Despite that, they expertly manipulated the Byzantine Conservative voting process and captured ridings that were ridings in name only.  They decisively beat Peter MacKay by doing that. 

But make no mistake: they also did that by pretending to be the most electable social conservative candidate. The other two social conservatives in the race could not speak French – a nonstarter for a truly national political party.

Sure, sure.  It is true that Justin Trudeau is no longer as popular as he once was. It is true that he has become enmeshed  in multiple ethical scandals. It is true that one of those scandals – the one that has soiled his family name – may yet take down his government.

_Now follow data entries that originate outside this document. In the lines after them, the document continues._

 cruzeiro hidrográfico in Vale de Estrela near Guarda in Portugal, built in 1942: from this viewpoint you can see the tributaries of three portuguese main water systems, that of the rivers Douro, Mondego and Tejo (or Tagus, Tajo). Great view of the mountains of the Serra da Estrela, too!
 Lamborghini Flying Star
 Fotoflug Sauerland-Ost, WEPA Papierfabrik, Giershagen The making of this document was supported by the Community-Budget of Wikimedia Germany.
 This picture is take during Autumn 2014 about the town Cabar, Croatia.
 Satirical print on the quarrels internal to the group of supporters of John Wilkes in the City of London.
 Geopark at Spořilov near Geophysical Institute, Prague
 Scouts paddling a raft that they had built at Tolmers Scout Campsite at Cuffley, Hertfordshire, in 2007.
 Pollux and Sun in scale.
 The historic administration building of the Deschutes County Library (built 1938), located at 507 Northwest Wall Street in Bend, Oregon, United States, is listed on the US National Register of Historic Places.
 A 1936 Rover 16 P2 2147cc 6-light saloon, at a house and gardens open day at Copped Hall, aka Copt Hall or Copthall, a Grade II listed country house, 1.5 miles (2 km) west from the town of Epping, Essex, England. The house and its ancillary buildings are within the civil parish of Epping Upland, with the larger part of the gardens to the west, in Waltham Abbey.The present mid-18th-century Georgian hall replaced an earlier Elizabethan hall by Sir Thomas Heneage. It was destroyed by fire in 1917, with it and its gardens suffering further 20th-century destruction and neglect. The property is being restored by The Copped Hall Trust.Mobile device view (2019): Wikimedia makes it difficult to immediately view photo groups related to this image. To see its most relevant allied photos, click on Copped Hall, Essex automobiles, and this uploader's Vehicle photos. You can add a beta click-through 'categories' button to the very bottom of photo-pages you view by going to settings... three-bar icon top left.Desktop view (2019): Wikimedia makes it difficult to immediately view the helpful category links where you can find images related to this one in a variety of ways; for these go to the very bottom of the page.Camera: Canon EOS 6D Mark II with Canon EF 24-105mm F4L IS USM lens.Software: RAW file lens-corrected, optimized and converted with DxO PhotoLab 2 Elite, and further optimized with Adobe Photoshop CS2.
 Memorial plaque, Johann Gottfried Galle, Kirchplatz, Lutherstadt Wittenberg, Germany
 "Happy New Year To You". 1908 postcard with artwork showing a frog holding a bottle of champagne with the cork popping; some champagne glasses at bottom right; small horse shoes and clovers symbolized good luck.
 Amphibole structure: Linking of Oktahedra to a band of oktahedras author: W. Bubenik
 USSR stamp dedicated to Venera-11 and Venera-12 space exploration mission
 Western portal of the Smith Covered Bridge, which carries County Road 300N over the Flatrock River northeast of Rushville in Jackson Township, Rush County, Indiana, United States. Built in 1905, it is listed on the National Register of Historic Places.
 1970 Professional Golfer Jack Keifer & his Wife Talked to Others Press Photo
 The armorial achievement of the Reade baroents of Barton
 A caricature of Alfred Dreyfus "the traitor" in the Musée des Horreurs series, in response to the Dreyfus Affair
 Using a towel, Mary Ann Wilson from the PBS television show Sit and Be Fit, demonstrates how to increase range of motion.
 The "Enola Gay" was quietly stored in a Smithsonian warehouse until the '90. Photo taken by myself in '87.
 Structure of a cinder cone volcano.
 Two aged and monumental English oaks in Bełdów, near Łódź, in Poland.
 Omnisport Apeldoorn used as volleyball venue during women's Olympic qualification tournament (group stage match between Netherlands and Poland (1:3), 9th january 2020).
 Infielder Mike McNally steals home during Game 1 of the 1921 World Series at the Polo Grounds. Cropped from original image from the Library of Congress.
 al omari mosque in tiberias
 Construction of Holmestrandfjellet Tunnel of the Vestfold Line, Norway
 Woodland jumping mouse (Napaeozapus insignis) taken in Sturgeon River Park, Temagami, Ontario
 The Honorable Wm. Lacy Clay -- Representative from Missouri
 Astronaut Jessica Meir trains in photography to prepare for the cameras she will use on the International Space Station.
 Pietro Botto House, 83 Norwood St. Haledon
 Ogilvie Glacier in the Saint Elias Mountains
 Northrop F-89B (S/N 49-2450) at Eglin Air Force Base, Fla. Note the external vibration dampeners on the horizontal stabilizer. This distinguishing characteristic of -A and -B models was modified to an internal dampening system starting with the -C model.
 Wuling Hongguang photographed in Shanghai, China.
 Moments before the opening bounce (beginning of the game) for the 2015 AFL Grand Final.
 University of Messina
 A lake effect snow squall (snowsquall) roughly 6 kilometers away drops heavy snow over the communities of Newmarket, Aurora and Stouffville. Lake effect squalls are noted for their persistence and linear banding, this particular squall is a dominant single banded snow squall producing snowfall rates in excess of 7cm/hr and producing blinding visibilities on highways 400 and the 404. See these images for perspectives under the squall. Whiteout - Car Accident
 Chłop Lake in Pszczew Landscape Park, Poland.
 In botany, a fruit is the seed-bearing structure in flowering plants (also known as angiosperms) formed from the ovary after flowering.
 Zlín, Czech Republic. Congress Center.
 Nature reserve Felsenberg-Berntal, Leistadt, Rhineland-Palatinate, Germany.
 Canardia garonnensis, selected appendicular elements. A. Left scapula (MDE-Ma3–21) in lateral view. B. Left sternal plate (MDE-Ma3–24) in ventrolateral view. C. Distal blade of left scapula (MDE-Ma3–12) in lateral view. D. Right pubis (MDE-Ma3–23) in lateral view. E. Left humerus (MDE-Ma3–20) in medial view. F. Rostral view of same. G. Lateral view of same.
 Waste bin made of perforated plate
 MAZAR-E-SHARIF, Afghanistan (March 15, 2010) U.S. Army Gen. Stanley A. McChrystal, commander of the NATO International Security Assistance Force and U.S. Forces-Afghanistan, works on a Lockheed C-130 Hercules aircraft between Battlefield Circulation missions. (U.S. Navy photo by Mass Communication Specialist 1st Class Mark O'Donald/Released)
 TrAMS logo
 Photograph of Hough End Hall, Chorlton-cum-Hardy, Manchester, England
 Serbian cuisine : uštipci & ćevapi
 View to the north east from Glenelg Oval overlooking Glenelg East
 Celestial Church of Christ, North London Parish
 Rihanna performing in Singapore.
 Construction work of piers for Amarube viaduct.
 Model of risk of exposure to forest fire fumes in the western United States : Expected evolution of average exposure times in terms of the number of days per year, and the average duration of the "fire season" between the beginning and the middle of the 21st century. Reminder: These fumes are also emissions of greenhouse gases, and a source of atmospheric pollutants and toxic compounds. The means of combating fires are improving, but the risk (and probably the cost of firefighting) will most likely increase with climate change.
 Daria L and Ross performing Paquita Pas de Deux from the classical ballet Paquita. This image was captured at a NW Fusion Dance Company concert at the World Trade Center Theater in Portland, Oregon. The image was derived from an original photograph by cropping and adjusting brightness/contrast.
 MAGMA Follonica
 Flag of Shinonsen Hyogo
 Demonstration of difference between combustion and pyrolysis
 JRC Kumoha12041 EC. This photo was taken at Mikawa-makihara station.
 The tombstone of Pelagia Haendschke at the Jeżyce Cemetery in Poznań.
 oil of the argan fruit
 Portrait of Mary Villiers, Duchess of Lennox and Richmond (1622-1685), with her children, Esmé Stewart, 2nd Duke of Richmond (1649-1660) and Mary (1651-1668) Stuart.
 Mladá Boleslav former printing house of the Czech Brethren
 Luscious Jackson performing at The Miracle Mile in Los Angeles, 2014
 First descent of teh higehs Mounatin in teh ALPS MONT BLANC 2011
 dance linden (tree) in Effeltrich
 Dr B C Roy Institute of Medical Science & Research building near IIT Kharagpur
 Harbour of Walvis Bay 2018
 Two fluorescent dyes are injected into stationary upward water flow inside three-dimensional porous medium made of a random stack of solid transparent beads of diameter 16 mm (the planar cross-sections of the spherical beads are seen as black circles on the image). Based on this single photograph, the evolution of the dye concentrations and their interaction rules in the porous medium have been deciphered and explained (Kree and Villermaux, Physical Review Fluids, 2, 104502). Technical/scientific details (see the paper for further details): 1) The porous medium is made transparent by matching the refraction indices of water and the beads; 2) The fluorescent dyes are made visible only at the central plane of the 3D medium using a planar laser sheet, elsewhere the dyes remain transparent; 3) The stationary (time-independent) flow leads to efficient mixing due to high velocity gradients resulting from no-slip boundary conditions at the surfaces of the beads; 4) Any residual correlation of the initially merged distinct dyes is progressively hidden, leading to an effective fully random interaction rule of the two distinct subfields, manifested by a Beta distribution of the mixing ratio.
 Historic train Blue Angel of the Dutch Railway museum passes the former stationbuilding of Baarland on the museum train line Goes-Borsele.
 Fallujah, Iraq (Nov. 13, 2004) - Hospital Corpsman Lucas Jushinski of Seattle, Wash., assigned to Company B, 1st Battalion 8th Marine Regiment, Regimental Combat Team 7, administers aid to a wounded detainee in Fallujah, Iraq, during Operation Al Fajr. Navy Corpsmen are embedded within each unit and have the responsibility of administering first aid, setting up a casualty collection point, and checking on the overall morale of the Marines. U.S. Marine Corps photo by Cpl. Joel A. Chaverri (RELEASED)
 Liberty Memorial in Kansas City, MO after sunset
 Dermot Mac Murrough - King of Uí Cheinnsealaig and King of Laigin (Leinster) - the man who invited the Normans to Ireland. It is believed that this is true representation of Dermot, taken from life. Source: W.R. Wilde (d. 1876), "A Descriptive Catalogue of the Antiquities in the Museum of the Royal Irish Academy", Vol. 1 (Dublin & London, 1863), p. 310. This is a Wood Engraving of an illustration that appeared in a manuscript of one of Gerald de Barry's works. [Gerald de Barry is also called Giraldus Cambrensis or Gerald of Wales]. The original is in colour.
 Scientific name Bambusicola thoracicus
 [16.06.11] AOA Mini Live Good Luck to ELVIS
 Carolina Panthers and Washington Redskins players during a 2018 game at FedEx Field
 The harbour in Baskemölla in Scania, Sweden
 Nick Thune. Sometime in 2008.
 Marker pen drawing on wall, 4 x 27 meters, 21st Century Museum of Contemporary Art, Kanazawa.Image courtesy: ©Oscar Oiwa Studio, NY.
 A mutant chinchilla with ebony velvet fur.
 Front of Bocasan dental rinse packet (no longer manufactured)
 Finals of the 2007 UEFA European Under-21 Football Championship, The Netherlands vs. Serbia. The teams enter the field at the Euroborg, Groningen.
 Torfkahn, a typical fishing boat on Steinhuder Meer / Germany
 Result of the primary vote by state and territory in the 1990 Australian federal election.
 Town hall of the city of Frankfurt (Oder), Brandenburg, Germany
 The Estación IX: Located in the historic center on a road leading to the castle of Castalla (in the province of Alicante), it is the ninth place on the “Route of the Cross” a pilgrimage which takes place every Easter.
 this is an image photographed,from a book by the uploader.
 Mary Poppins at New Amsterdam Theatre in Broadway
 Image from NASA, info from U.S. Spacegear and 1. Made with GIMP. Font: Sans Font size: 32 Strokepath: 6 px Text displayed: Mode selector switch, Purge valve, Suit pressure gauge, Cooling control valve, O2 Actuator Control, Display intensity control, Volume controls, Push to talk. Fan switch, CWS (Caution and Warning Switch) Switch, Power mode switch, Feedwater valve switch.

But only a fool would underestimate Justin Trudeau‘s electoral skills. Andrew Scheer did that, and he ended up looking like a fool. He ended up looking like a guy who couldn’t score on an empty net if his life depended on it.

With a pandemic raging, and Canadians worrying about kids returning to school and businesses going under, it may be that Canadians will forget about Erin O’Toole‘s whiplash-inducing flip-flop. Or they may not care. 

But Conservatives are dreaming in technicolor if they think the Liberal electoral machine has not noticed. They are delusional if they think Justin Trudeau will not take full and frequent advantage of their massive volte-face.

In politics, you have to believe In something. You do.

After last week, to both progressives and social conservatives, it is fair to wonder if the new leader of the Conservative Party of Canada believes in anything at all.